=== Records for this task ===

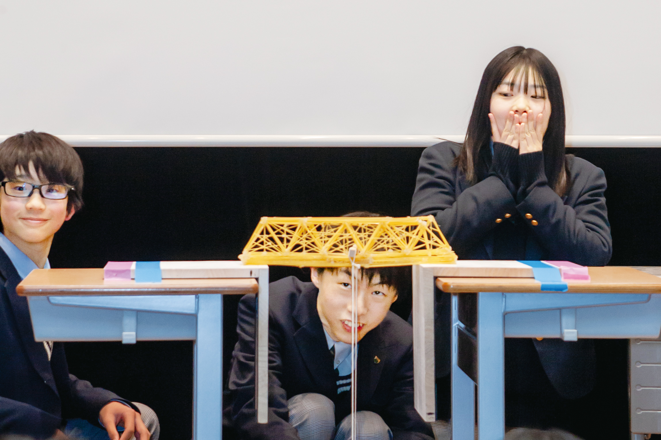 - 系列大学の見学や、教授や学生の講話を聴いたりする機会があるのはもちろんですが、特に人気が高いのはパスタブリッジ競技会。パスタを材料にして丈夫さと美しさを兼ね備えた橋を組み立ててグループごとに競います。
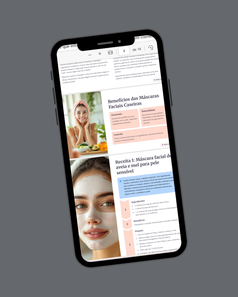Aproveite a promoção exclusiva de lançamento e garanta o Ebook "6 Máscaras Caseiras para Cuidar da Pele" com 50% de desconto.
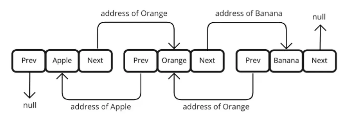우리가 아는 이중 연결 리스트(doubly linked list) 구조
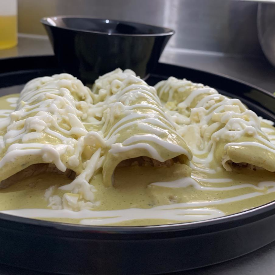Tres piezas de tortilla de maíz, rellenas de pechuga de pollo desherbado, bañadas en nuestra salsa poblana, panela, acompañadas de frijoles de la olla.
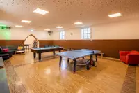 Beamer, Referentenschrank, Fernsehgerät, Videorecorder, Stereoanlage, Ballspiele, Werkraum, Tischtennisplatte, Fußballkicker, Billardtisch, Gesellschaftsspiele, 15 AutoparkplätzeFreizeit
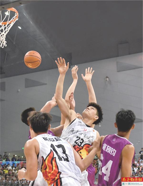 6月18日,广东工业大学队球员陈国豪(中)在比赛中拼抢。当日,在成都举行的第25届中国大学生篮球联赛(CUBAL)男子组全国总决赛中,广东工业大学以87比83击败清华大学。 新华社发
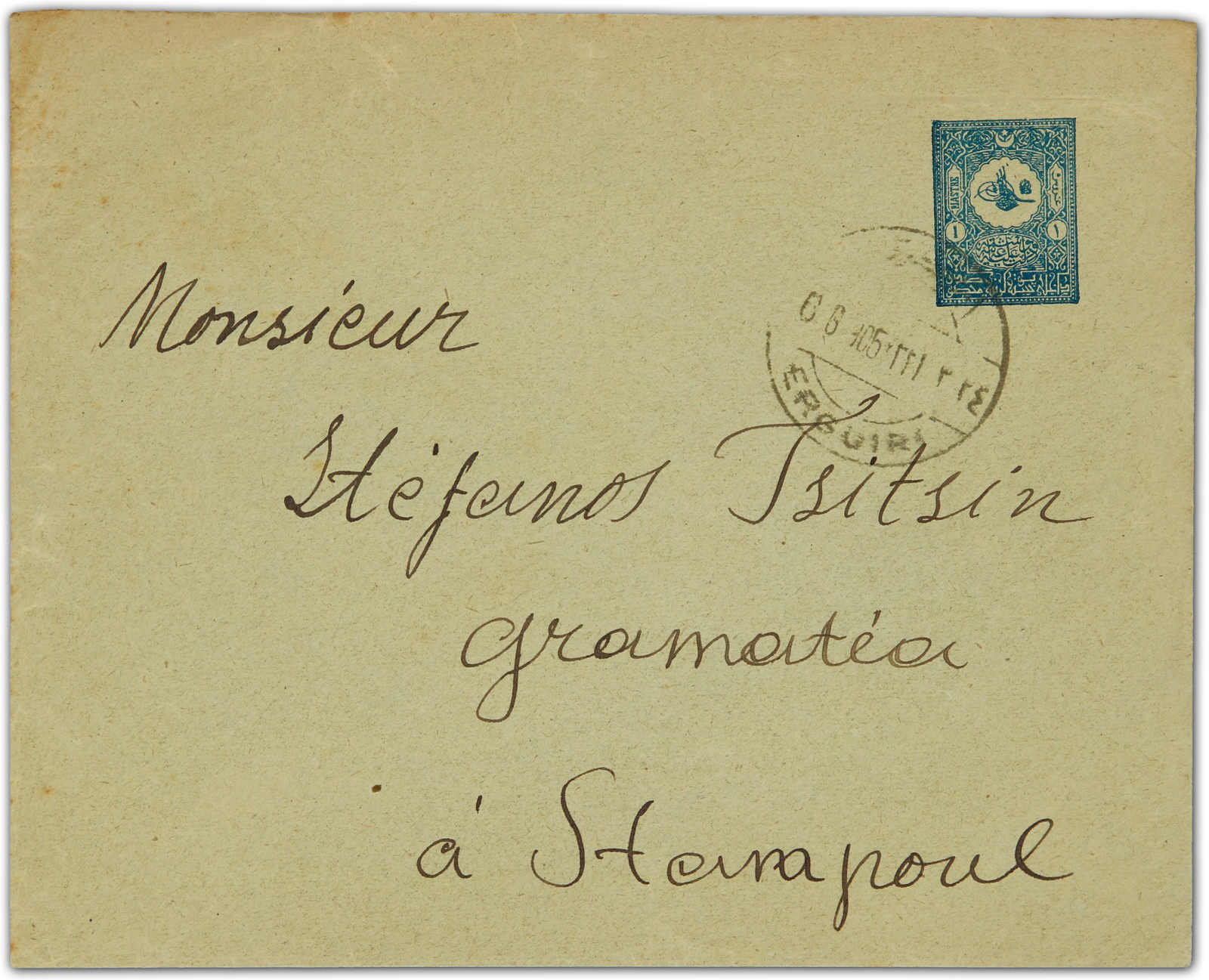 Argyrokastron - Erguiri: 1901, stationery envelope of 1 piastre used in 1905 from Ergeri to Constantinople showing bilingual "ERGUIRI" postmark, on reverse arrival cds, Coles & Walker fig. 16 (Image) (imagea)
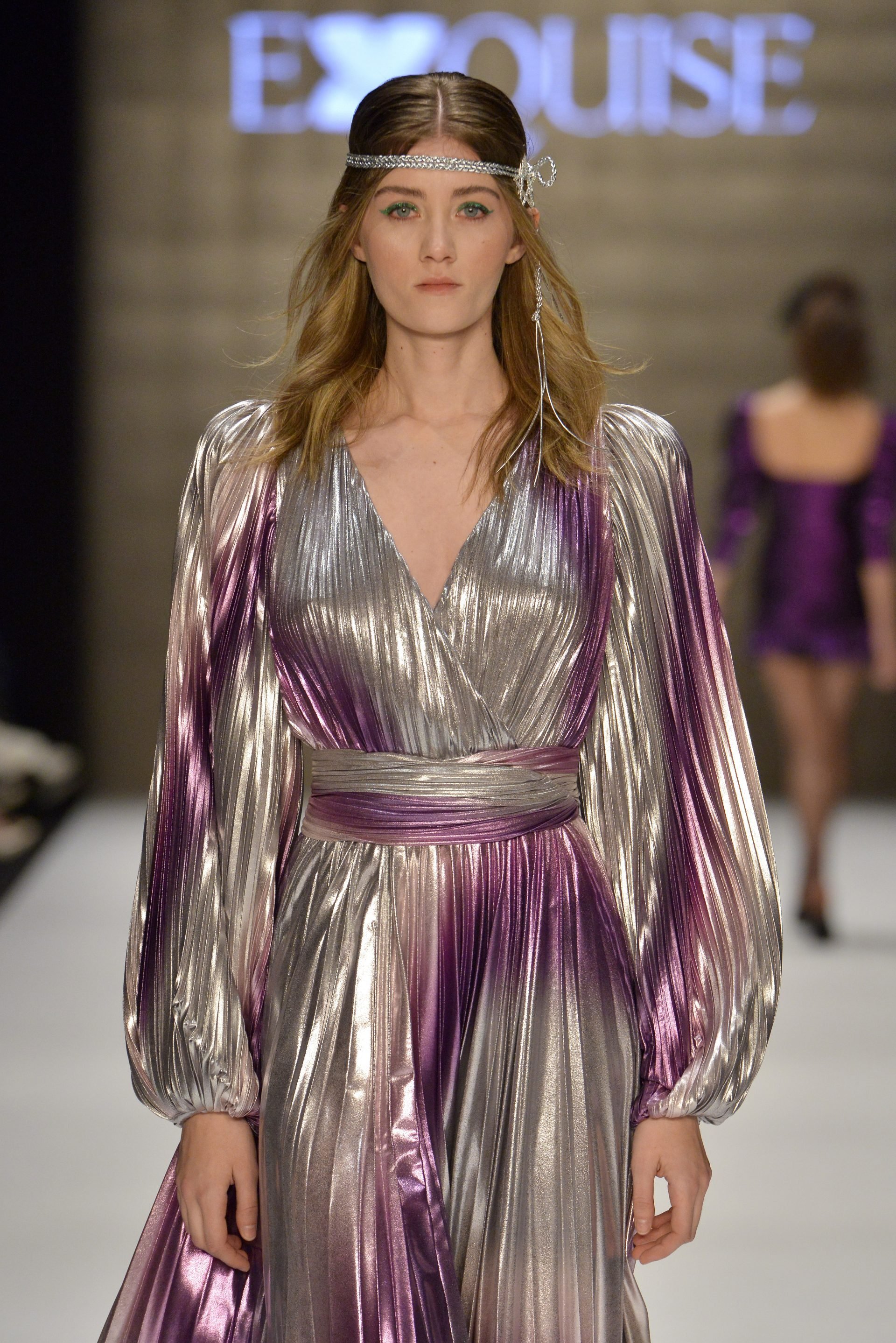 Mercedes-Benz Fashion Week Istanbul’a üçüncü kez kat?lan ve bu sezon ilk kez runway’de yer alan Exquise, 70’li ve 80’li dönemlerden ilham alan #GoldenRhapsody isimli Sonbahar/K?? 2019 koleksiyonunu sundu. Koleksiyon, 70’ler dönemindeki yasaklar?n delindi?i, ba?kald?r?n?n ete kemi?e büründü?ü, ya?ayanlarda iz, ya?amayanlarda hayranl?k uyand?ran, do?aya dü?kün ruhu ile 80’lerin pop kültürünü, a??r?l??? ve cesaretini tecrübe etmi? kad?nlar?n? hat?rlat?yor.
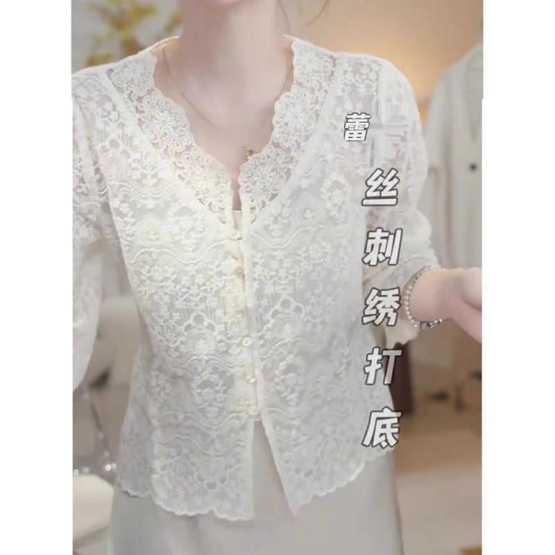 加绒蕾丝衫上衣女秋冬新款叠穿内搭打底衫花边v领镂空喇叭袖小衫
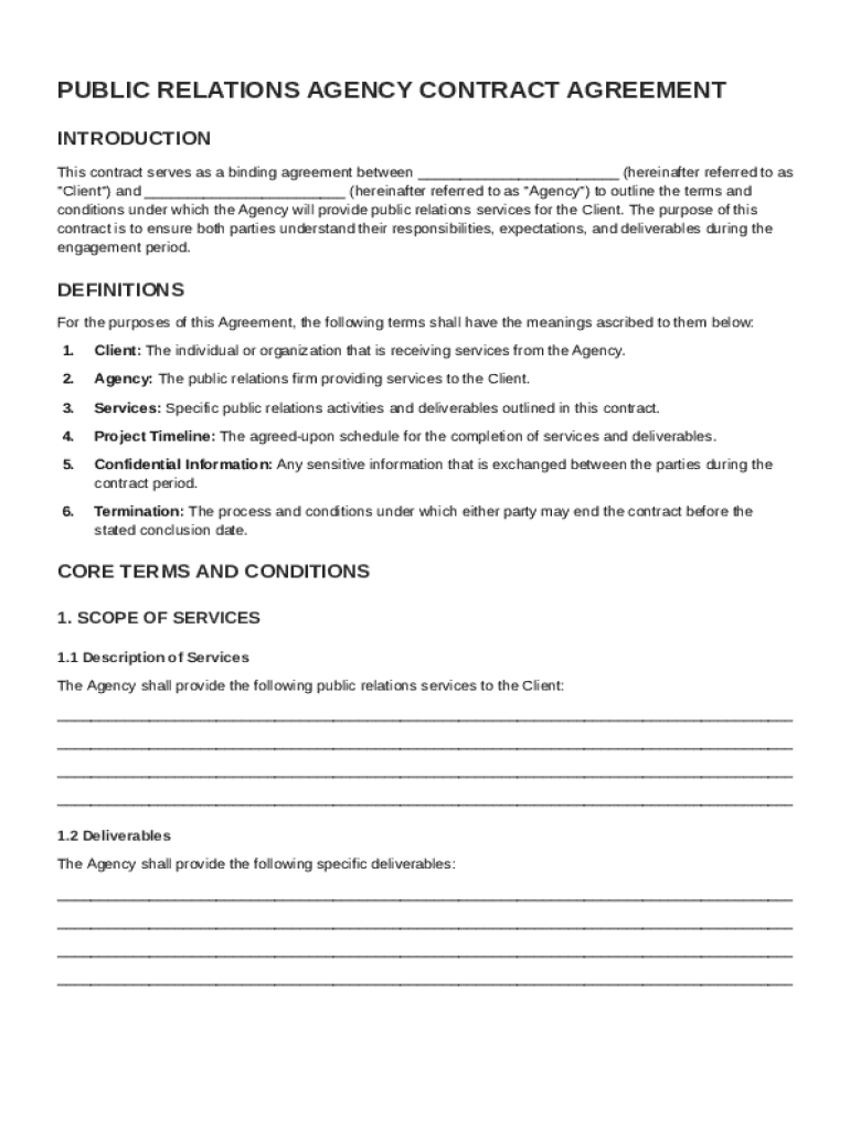 This contract outlines the terms and conditions under which a public relations agency provides services to a client, including definitions, responsibilities, compensation, confidentiality, intellectual
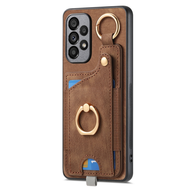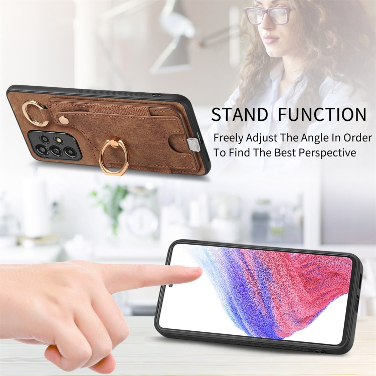 Funda para Teléfono Samsung Galaxy M32 4G con Bolsa para Tarjeta y Anillo (Marrón)
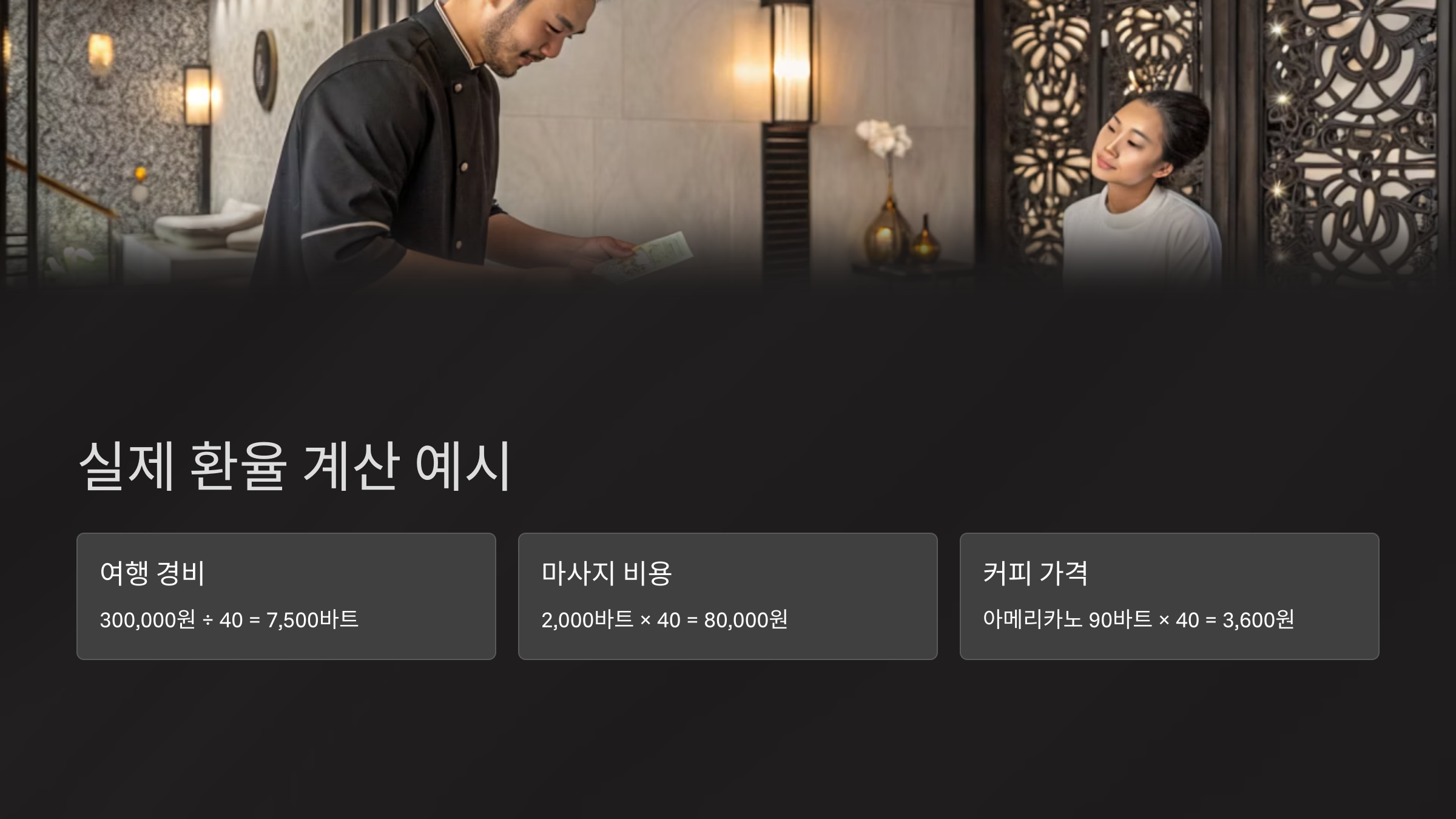 💬 바트 환율이 38~42원 사이에서 움직이고 있기 때문에, 여유 있게 40원으로 잡는 게 편하고 안전해요.

===

Description of the task: Print exactly, and print only, the lines from the line with "加绒蕾丝衫上衣女秋冬新款叠穿内搭打底衫花边v领镂空喇叭袖小衫" through the last line of the entries, both ends included. No pictures belong in the result.

Response to the exercise:
 加绒蕾丝衫上衣女秋冬新款叠穿内搭打底衫花边v领镂空喇叭袖小衫
 This contract outlines the terms and conditions under which a public relations agency provides services to a client, including definitions, responsibilities, compensation, confidentiality, intellectual
 Funda para Teléfono Samsung Galaxy M32 4G con Bolsa para Tarjeta y Anillo (Marrón)
 💬 바트 환율이 38~42원 사이에서 움직이고 있기 때문에, 여유 있게 40원으로 잡는 게 편하고 안전해요.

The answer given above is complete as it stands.